Halving the BTC mining reward rate this year has led to the hash rate, which represents the average revenue per unit of mining power, falling to a new record low recently, and the decline in profitability has left less efficient Bitcoin under enormous pressure, forcing them to exit the market and sell their BTC holdings to face their increasingly difficult operating conditions, which in turn led to an extended sell-off.

On the other hand, the retail rate has recently risen again and reached a new record, indicating that miners are selling their currency holdings and are now enjoying a positive outlook. This rise also indicates that the selling pressure from the miners that followed the halving has eased, and technical indicators are also supporting the possibility of the price crossing the $70,000 barrier again, as the Titan of Crypto account on the X platform indicated that the MACD reading of Bitcoin’s price movements has recently moved to a positive value.

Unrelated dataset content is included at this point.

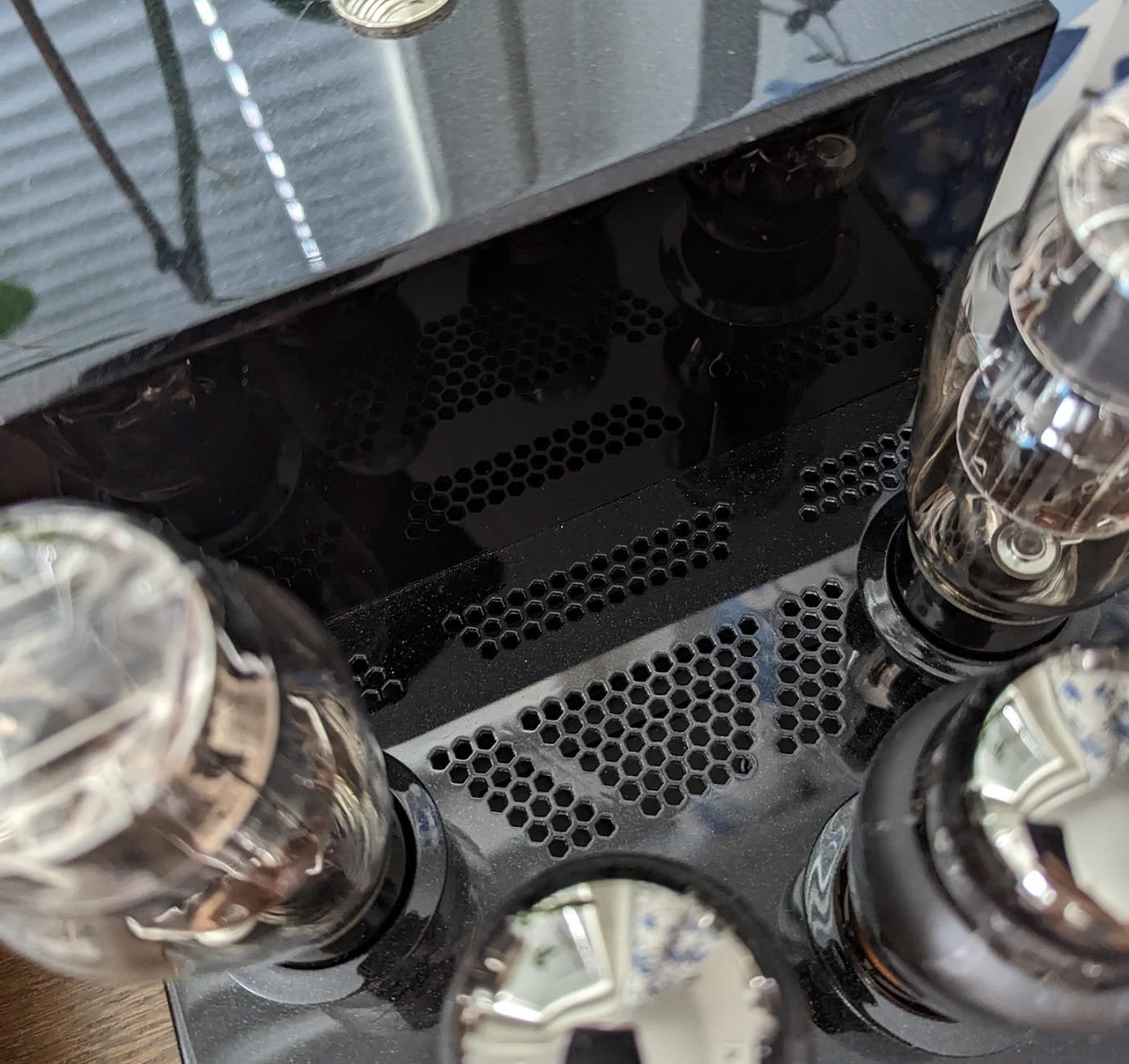 Muutoin kuvailisin vahvistinta tyylikkään ja siistin näköiseksi, koska siinä ei ole mitään ylimääräistä. Laitetta katsoessa huomio kiinnittyy etureunassa sijaitseviin neljään suureen putkeen. Takareunassa on puolestaan suuri metallinen laatikko, joka kätkee sisäänsä virtalähteen. Vahvistimen alla on poikkeuksellisen suuret jalat, jotka pitävät laitteen tukevasti kiinni pöydän tai laitetason pinnassa.
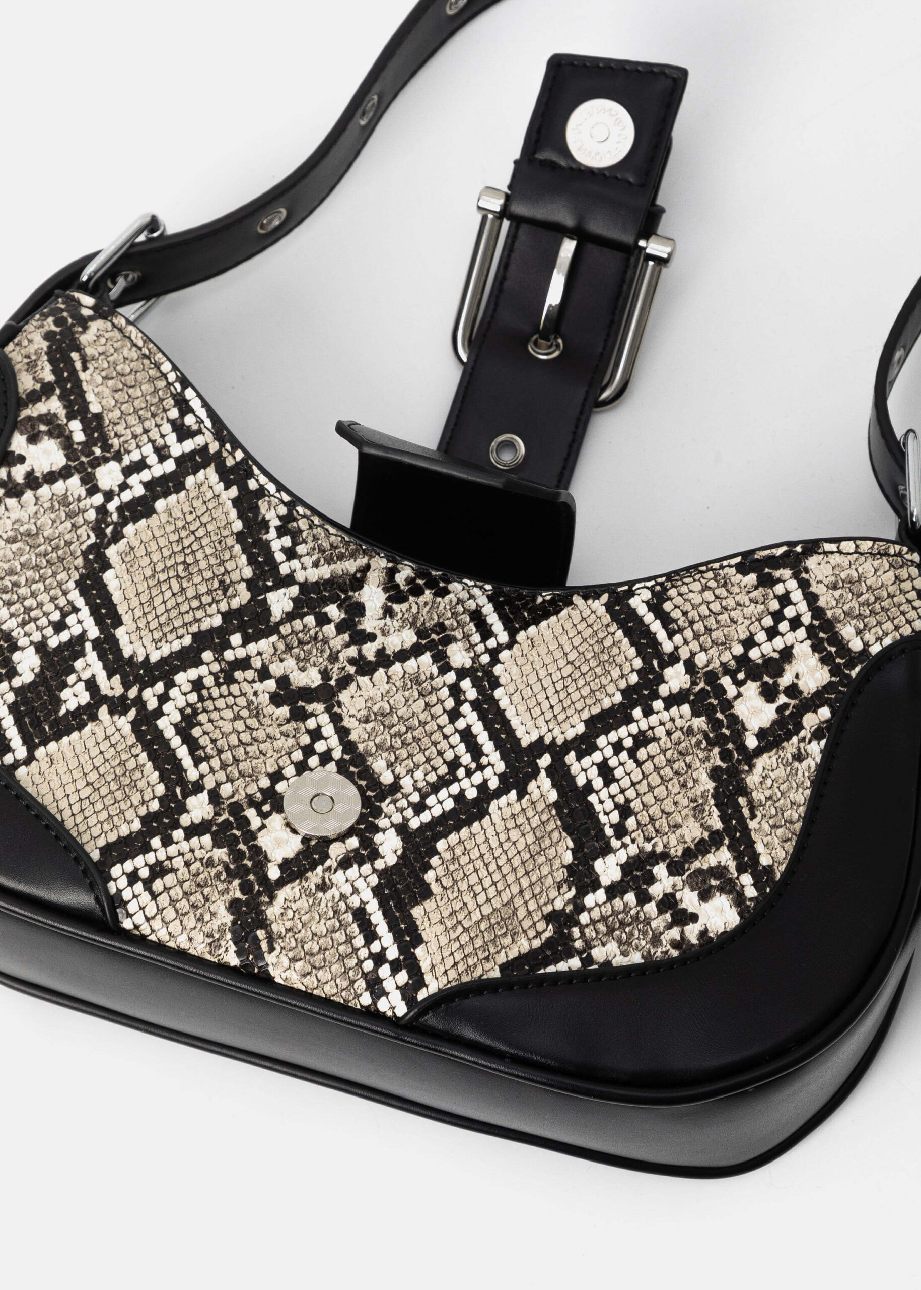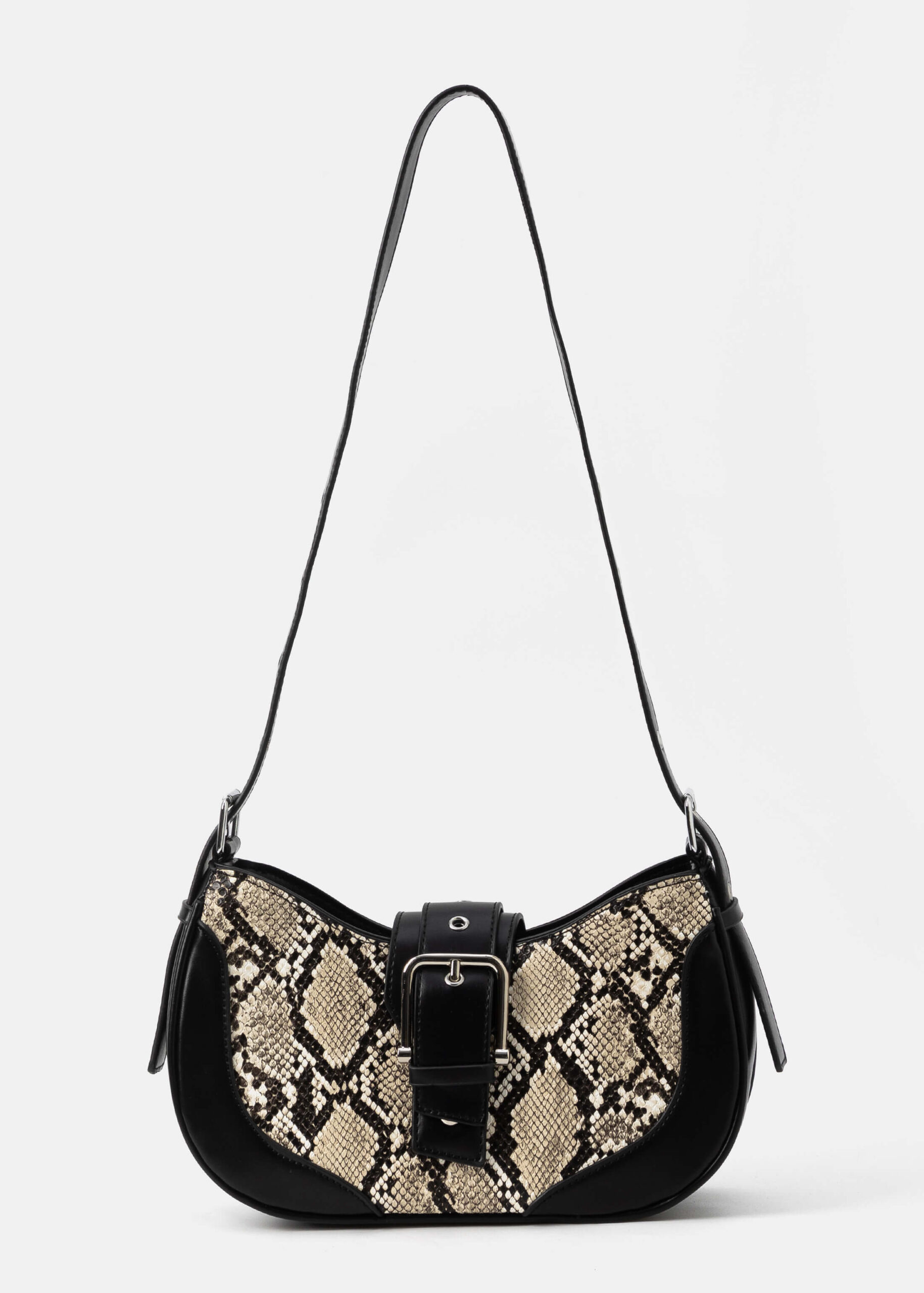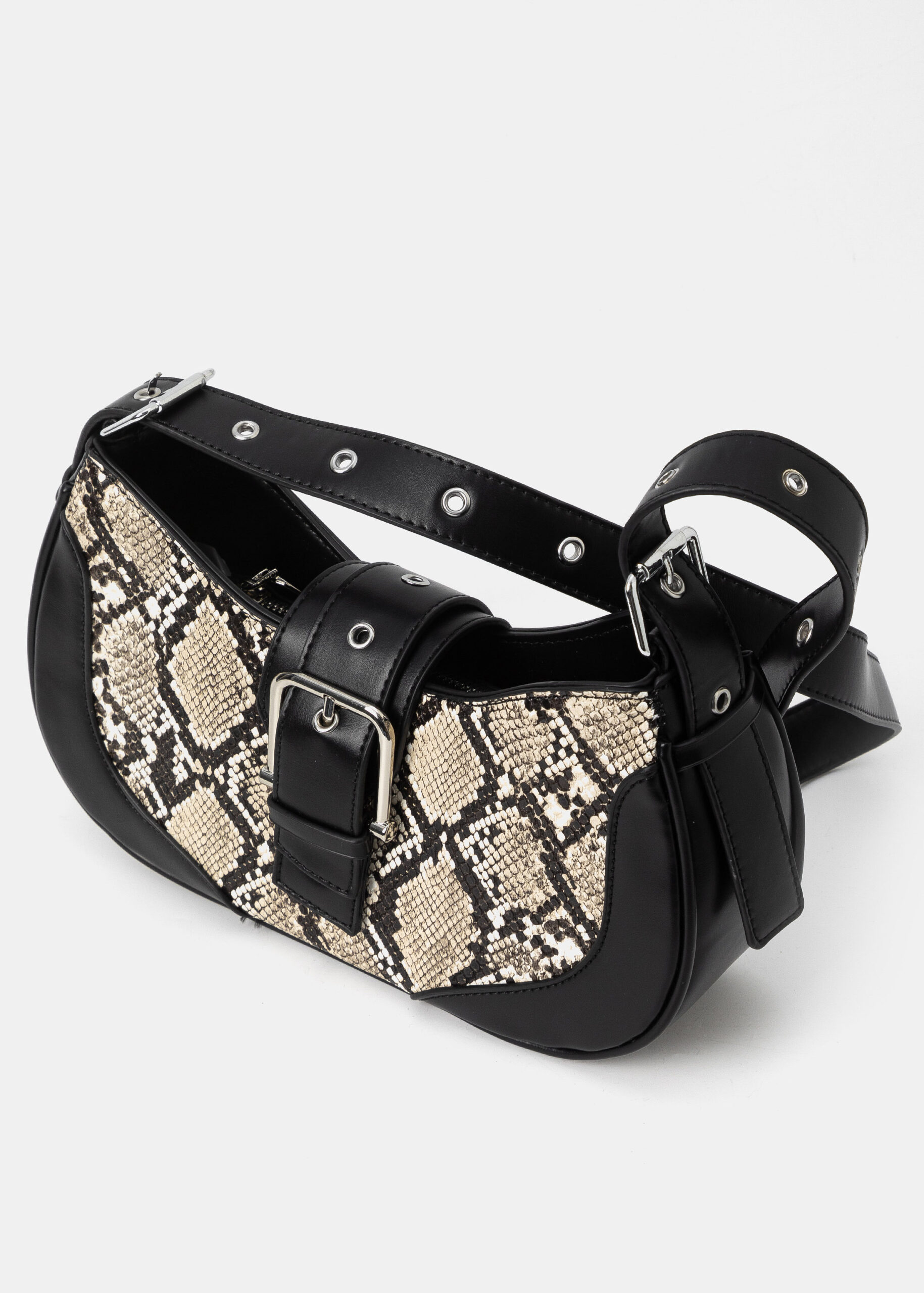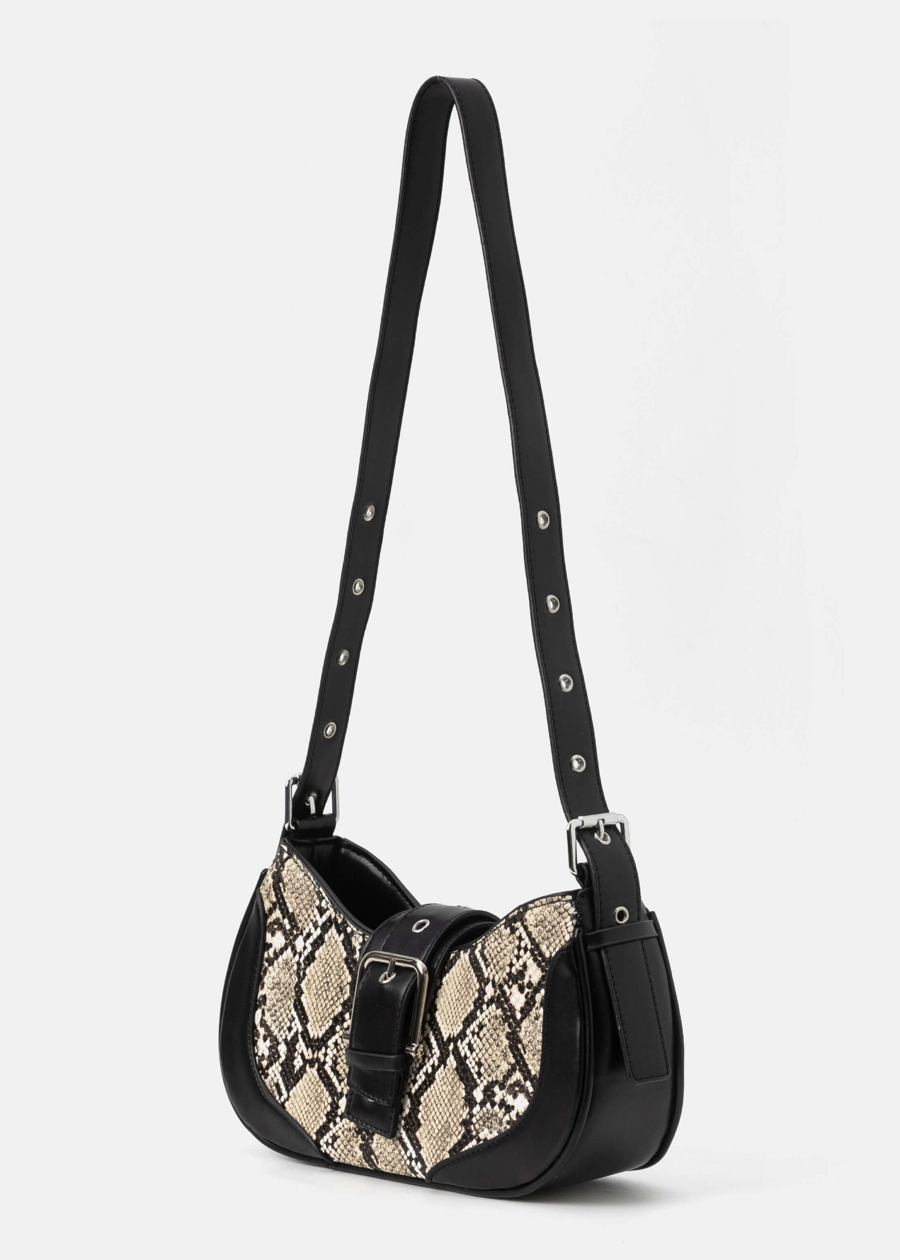 حقيبة نسائي, جلد, زر من الامام للاغلاق مزين بتصميم حزام, سحاب من الاعلى للاغلاق, حزام كتف, انيق وعصري

The surgance is a good sign that a price rebound is possible in the coming months, according to the chart published by the Titan of Crypto account.

Finally, the Relative Strength Index (RSI) of Bitcoin’s 14-day price movements has rebounded and recovered after continuing to indicate that the currency has been subjected to a recent overselling; this recovery is linked to the possibility of an imminent price rebound, as previously shown by price movements over recent months after experiencing similar conditions.